老太君冷哼一聲,語氣不明的說道:「看來官家是安排了一雙眼睛進入了李家,罷了罷了,只要與她保持距離不要讓她有了李家的子嗣,就算是官家護着的人也翻不起什麼風浪。」

圓媽媽連連稱是。

「官家那一窩的狐狸,盤算着讓一個掌控的了的棋子送來李家,然後生下李家的嫡子嗣,從此李家就徹徹底底的被姓趙的把控住,我李家偏不如他們的意!」老太君一臉凜然,那語氣中是壓不住的戾氣。

堂屋中有一瞬間的安靜。

「李蘇彧呢?」老太君心中窩着的氣越發的濃烈:「那混蛋小子匆匆回來教訓我一頓後又回軍營了?」

江蘊眼眸半闔,隱藏了不少的情緒,思緒被拉到對那個男人質問的時候。

「聽說那汴京來的女子明艷動人,你也心動了?」

只見那個男人平平靜靜的說道:「是挺、動人的。
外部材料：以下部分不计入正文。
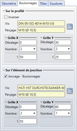 Dans l'onglet Boulonnages, vous pouvez procéder à la saisie exacte des données pour chacun des boulonnages, Sur le profilé et Sur l'élément de jonction.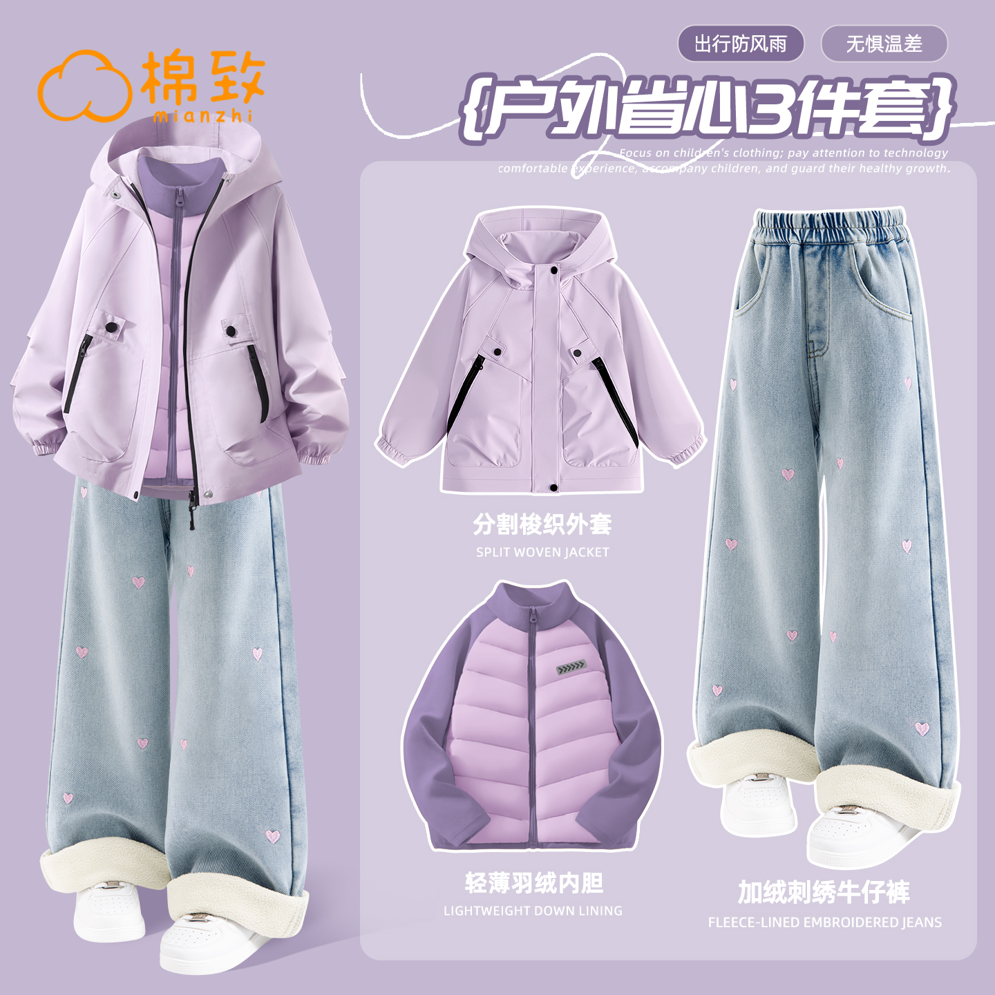 棉致女童套装2025新款秋冬户外冲锋外套女大童运动服冬季儿童冬装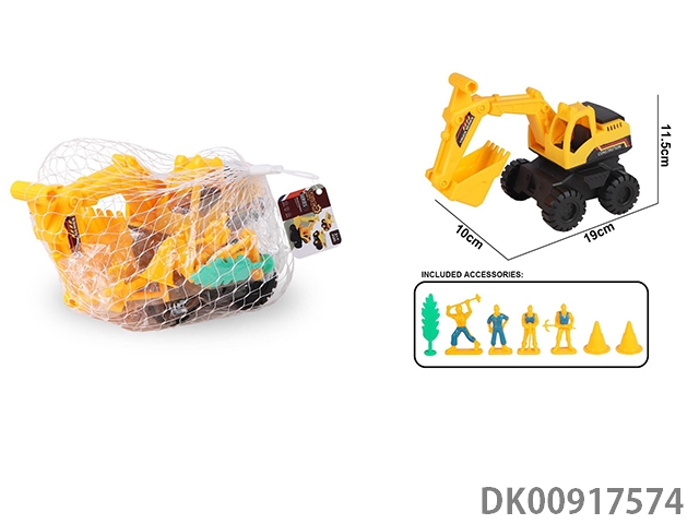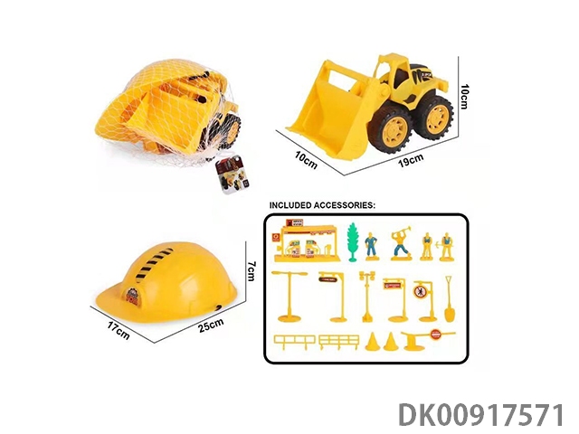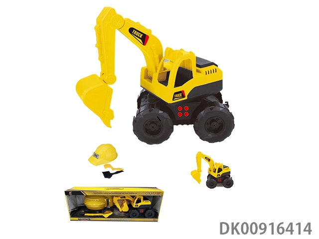Inertia engineering excavator and cap and 2 sand shovel (with light and music) (yellow)

」

「奴婢剛剛回來的時候聽門院的說,公子傍晚的時候回來了一趟又出府了,明兒個就是成親的大日子,公子應該是在城中。」

圓媽媽的話拉回了江蘊的思緒,她說道:「蘇彧,與那燕姑娘會了幾次面,聽說那燕姑娘與我們北境姑娘不一樣,若蘇彧對那燕姑娘上了心,可怎麼辦。」

圓媽媽微微促狹的掃了一眼江蘊。

而老太君則是握上了江蘊的手,有些無力的說道:「你的身份整個鄆城誰不知?你放心,待過陣子,我親自扶你平妻之位,到時候壓汴京來的一頭,起碼我們要一致對外。」

「老夫人,你該歇息了。」圓媽媽打斷老太君與江蘊之間的氣氛。

江蘊見好就收,站起身來,福身一禮:「時候不早了,老太君早些休息,蘊兒告退。」

待江蘊退下後,李老太君生生的剜了一眼圓媽媽:「你這老虔婆,真以為我被官家逼急了?才說剛剛那一番話?」

圓媽媽輕笑:「奴婢當然不是那個意思,奴婢只是擔心二公子與老夫人的關係。」

李老太君冷冷一笑,然後整個身子都斜躺在軟塌上,漫不經心的說道:「蘇彧那邊暫時還不知道想法,但我也知道蘇彧不是那般色字當頭的人,不然這些年後院也該是有通房了,你忘記當年我硬塞給他一個都被發賣了?」

圓媽媽但笑不語。

「我就是擔心啊,擔心我那沒開竅的大孫子被汴京來的勾了魂啊,你說說,李蘇彧那小子今年也二十有二了,有過女人嗎?」李老太君一副八卦的樣子看着圓媽媽。

圓媽媽面色不佳,低聲道:「奴婢沒有聽聞過。」

李老太君輕嘖一聲後,又重重嘆一口氣:「看來只有明日過後再做打算了。」

——

鄆城的勾欄瓦舍雖沒有汴京繁盛,但也不蕭條,有着另一種的風韻,好似一座古老之城中升起了煙霧,煙霧中有着不少的輕歌曼舞。

只是這裡的男兒們不像汴京中的廝混期間,貪聲逐色,只有一個個高大的漢子大碗喝酒吃肉的場景,就算圓台之中的小娘子們輕歌曼舞,他們也只是視線晃過,並未深陷其中。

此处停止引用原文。